I’ll let the A.V. Club explain it best:
Ah, the Manic Pixie Dream Girl, that sentient ray of sunshine sent from heaven to warm the heart and readjust the attitude of even the broodiest, most uptight male protagonist. In his My Year Of Flops entry on Elizabethtown, Nathan Rabin coined the phrase “Manic Pixie Dream Girl” to describe that bubbly, shallow cinematic creature that “exists solely in the fevered imaginations of sensitive writer-directors to teach broodingly soulful young men to embrace life and its infinite mysteries and adventures.” — A.V. Club
These are women conjured up out of pure imagination to serve as a sharp contrast to the morose, young men across Western civilization.
Where these stories often fail is the sobering reality that two such diametrically opposite people usually do not make a good couple (the best subversion of the magical pixie girl concept was probably played out in Eternal Sunshine of the Spotless Mind).
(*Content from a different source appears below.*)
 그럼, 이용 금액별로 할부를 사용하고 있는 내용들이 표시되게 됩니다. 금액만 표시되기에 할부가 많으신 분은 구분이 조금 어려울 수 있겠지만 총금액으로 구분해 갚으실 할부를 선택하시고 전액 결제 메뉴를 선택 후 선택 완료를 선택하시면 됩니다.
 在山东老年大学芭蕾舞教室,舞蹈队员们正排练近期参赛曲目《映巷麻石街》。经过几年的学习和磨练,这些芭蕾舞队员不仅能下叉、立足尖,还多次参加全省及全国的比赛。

Yes, for two hours of a movie’s length, the quirky, spunky girl and the depressing male lead may ignite a few sparks of chemistry here and there, but when two people differ to such a great extent, they rarely succeed when it’s all said and done. Why else do most of these movies lack sequels? No one simply wants to see the aftermath.
Anime is hardly spared from the magical pixie girl phenomenon. Like their Western compatriots, Japanese men also suffers from a neurosis born from despair, malaise, ennui… you name it. Although the morose leads of the West often settle into despondency, the Nippon-jin develops a sort of garrulous nature. You know the type… the guy who rambles a thousand thoughts per minute while the viewers strain themselves to keep up. From Itoshiki Nozomu to the unnamed lead of The Tatami Galaxy to Ichinomiya Ko, they all seem to share a similar nervous, high-strung personality. Listening to them fret over their countless worries is like watching Woody Allen on amphetamines.
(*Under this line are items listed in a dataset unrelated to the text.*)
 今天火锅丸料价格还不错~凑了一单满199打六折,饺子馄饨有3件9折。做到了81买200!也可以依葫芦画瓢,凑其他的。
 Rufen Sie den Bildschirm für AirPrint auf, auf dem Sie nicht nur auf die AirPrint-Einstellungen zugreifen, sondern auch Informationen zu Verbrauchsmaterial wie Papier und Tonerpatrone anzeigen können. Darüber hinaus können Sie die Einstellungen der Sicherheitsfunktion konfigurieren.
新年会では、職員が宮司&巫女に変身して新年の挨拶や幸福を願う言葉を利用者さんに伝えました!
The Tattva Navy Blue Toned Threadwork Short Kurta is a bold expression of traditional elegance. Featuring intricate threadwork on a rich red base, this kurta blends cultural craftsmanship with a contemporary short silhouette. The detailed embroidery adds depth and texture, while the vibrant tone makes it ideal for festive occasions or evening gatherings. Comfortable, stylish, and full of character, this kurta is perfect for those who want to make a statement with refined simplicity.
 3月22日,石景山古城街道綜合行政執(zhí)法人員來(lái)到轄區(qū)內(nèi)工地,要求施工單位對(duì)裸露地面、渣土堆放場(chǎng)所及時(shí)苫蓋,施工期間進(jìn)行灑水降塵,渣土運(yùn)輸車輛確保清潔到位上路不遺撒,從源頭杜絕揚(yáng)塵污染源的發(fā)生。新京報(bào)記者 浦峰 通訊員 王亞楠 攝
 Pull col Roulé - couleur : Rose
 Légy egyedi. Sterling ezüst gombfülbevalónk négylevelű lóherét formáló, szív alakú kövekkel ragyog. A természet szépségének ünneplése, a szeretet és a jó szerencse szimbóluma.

So if the magical pixie girl serves to contrast the morose, down-in-the-dumps men of the West, what’s the analogue to the neurotic Japanese male lead? I believe it is the dead-pan shoujo whose incisive words serves to cut through the many troubles haunting their men, i.e. their bullshit. Akashi seems to serve that role for the unnamed lead in The Tatami Galaxy and as I watch Arakawa Under the Bridge, I can’t help but identify this as Nino’s role. Of course, sometimes the magical pixie girl of the East simply resembles their Western incarnations exactly (e.g. Kafuka Fuuka).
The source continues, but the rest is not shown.